Democrats and many northern Republicans agreed that Confederate nationalism and slavery were dead—the war goals were achieved—and further federal military interference was an undemocratic violation of historic Republican values. The victory of Rutherford Hayes in the hotly contested Ohio gubernatorial election of 1875 indicated his "let alone" policy toward the South would become Republican policy, as indeed happened when he won the 1876 Republican nomination for president.

An explosion of violence accompanied the campaign for the Mississippi's 1875 election, in which Red Shirts and Democratic rifle clubs, operating in the open and without disguise, threatened or shot enough Republicans to decide the election for the Democrats. Republican Governor Adelbert Ames asked Grant for federal troops to fight back; Grant initially refused, saying public opinion was "tired out" of the perpetual troubles in the South. Ames fled the state as the Democrats took over Mississippi.

This was not the end of the violence, however, as the campaigns and elections of 1876 were marked by additional murders and attacks on Republicans in Louisiana, North and South Carolina, and Florida. In South Carolina the campaign season of 1876 was marked by murderous outbreaks and fraud against freedmen. Red Shirts paraded with arms behind Democratic candidates; they killed blacks in the Hamburg and Ellenton, SC massacres; and one historian estimated 150 blacks were killed in the weeks before the 1876 election across South Carolina. Red Shirts prevented almost all black voting in two majority-black counties. The Red Shirts were also active in North Carolina.

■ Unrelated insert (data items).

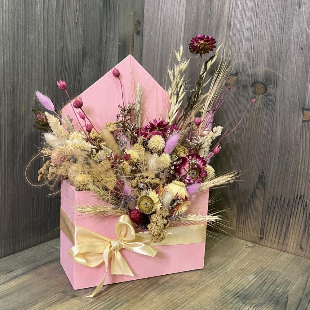 Конверт деревянный – 1 шт.Оазис для сухоцветов – 1 шт.Ковыль – 2 шт.овес сухоцвет – 2 шт.Рожь – 5 шт.Пшеница (сухоцвет) – 10 шт.Лагурус – 25 шт.Лаванда сухоцвет – 10 шт.прочие сухоцветы – 30 шт.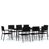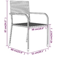 Enjoy a nice meal or afternoon tea in your outdoor space with this garden dining set! Featuring an elegant design, it will become the focal point of your garden and patio! The practical outdoor dining set has a steel frame, making it strong and sturdy. The garden chairs are made of water-resistant and maintenance-free PE rattan, making them perfect for outdoor use. Meanwhile, these outdoor chairs are lightweight and can be stacked to save space when not in use. In addition, the smooth glass tabletop is easy to clean with a damp cloth and excellent for placing meals, drinks and other decorative items. Note: In order to extend the life of your outdoor furniture, we recommend you to clean it regularly and do not leave it outdoors without protection unnecessarily.Clean: Use a mild soap solution.Storing: If possible, store in a cool, dry place indoors. If the product is stored outdoors, protect it with a waterproof cover. Wipe and dry the excess water or snow from flat surfaces after a rain or snowfall. Allow sufficient air circulation to avoid moisture-related damage.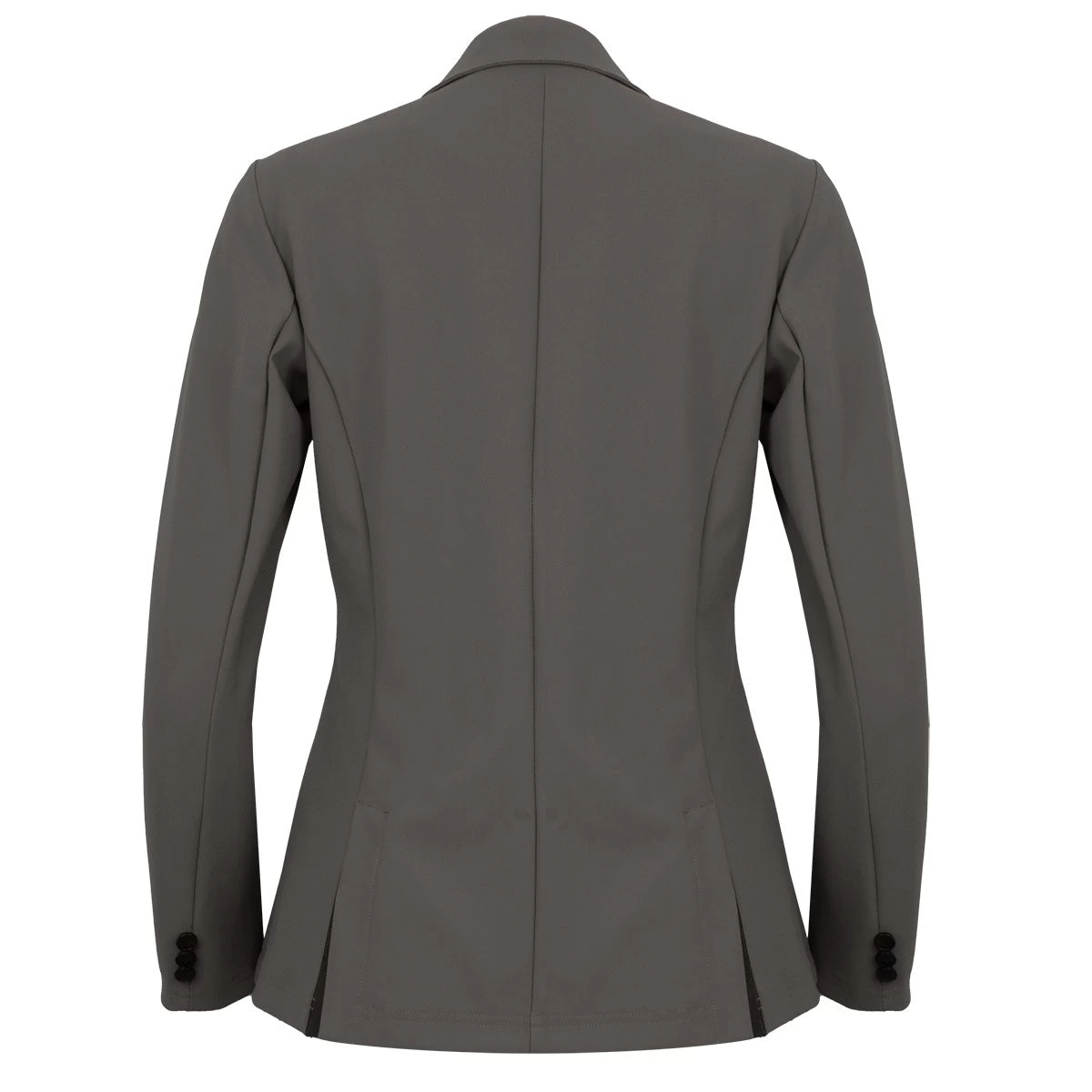 Madelyn Show Coat from the Grand Prix Quinn Series is an attractive four button Ladies show coat that is designed to move with the rider while providing a tailored classic look in the saddle. The hidden zip behind the classic four button closure keeps the front closure looking neat and tidy easily preventing gapping in the front, while high tech stretch TK fabric provides a figure flattering silhouette both in and out of the saddle. The Madelyn show coat is an easy care must have addition to your show attire.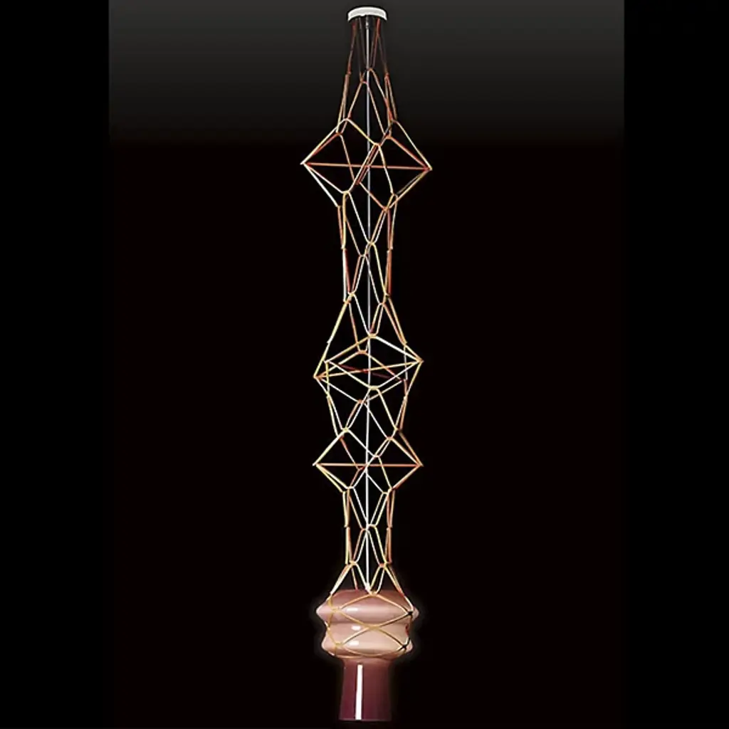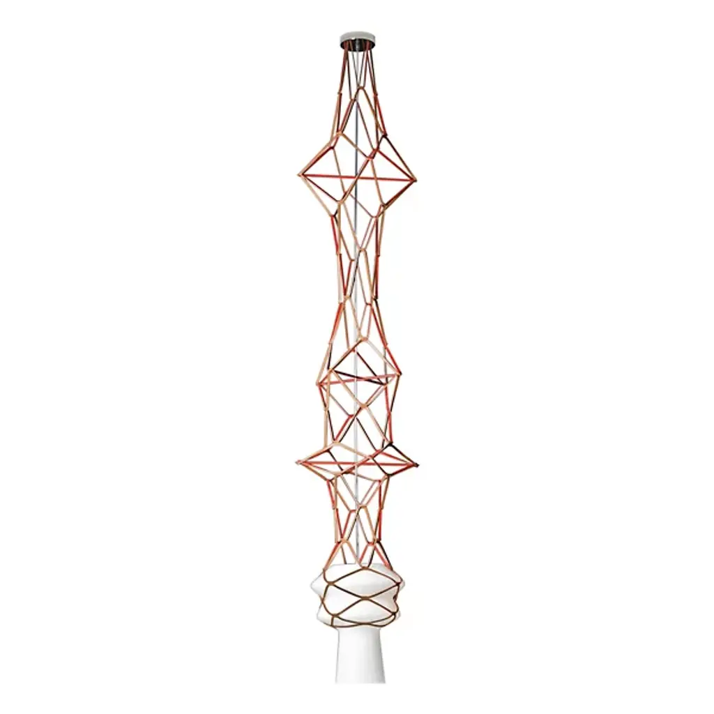 The Stelle Filanti Pendant from Venini is designed by Atelier Oi. This pendant beautifully marries metal and leather, creating a lovely amalgamation that reflects the craftsmanship behind its design. The shade, made from fine glass, nicely tempers the light from an LED. With a standard dimmer, Stelle lets you adjust the lighting to set the ambiance as you desire. Meticulously made in Italy, Stelle embodies the legacy of Italian craftsmanship and design. The pendant's framework forms gorgeous star-like silhouettes that naturally draw your attention.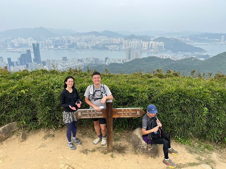 HK Trail Sec1のスタート地点からLugard Road沿いに進む。やはりピークからの眺望は良く、木陰も多いので風が吹くと気持ちいい!うっかり眺望台での撮影を逃すも、龍虎山Picnic Area Site.2から綺麗な海と島を背景に記念撮影。H007から階段を降り、突き当りのT字路を右のHatton Roadへ。ここでHK Trailとはお別れ。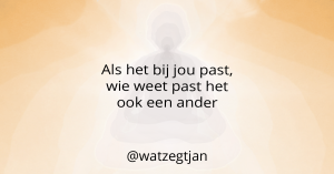Ik ben Jan Monster, o.a. blogger bij Wat zegt Jan. Wil je verder praten over dit blog, dan kan je hier contact met me opnemen. Wil jij mijn zoektocht naar mijzelf niet missen, volg dan de Wat zegt Jan-pagina’s op Instagram, Facebook, LinkedIn, Twitter en WordPress.com.

Reconstruction continued in South Carolina, Louisiana and Florida until 1877. The elections of 1876 were accompanied by heightened violence across the Deep South. A combination of ballot stuffing and intimidating blacks suppressed their vote even in majority black counties. The White League was active in Louisiana. After Republican Rutherford Hayes won the disputed U.S. Presidential election of 1876, the national Compromise of 1877 was reached.

The white Democrats in the South agreed to accept Hayes's victory if he withdrew the last Federal troops. By this point, the North was weary of insurgency. White Democrats controlled most of the Southern legislatures and armed militias controlled small towns and rural areas. With the white Democrats' passage of disfranchising constitutions and statues, African Americans who wanted to exercise their legal rights were repeatedly thwarted by white Democrats for most of the next 75 years. They considered Reconstruction a failure because the Federal government withdrew from enforcing their ability to exercise their rights as citizens.

The end of Reconstruction marked the beginning of a period, 1877–1900, in which white legislators passed laws and new constitutions that created barriers to voter registration and voting for African-Americans and poor whites, ushering in the nadir of American race relations. White Democrats also passed Jim Crow laws imposing segregation in public facilities and transportation, as well as other restrictions on blacks. In the 1880s and 1890s, the Populist Party in some cases allied with black Republicans. Faced with this threat, white Democrats moved to reduce the franchise among both groups. State legislatures passed laws directed at reducing voting by blacks and illiterate whites, chiefly by creating new requirements for voter registration. "It was the very success of interracial coalitions that catalyzed the disfranchisement movement among the previously ruling white class."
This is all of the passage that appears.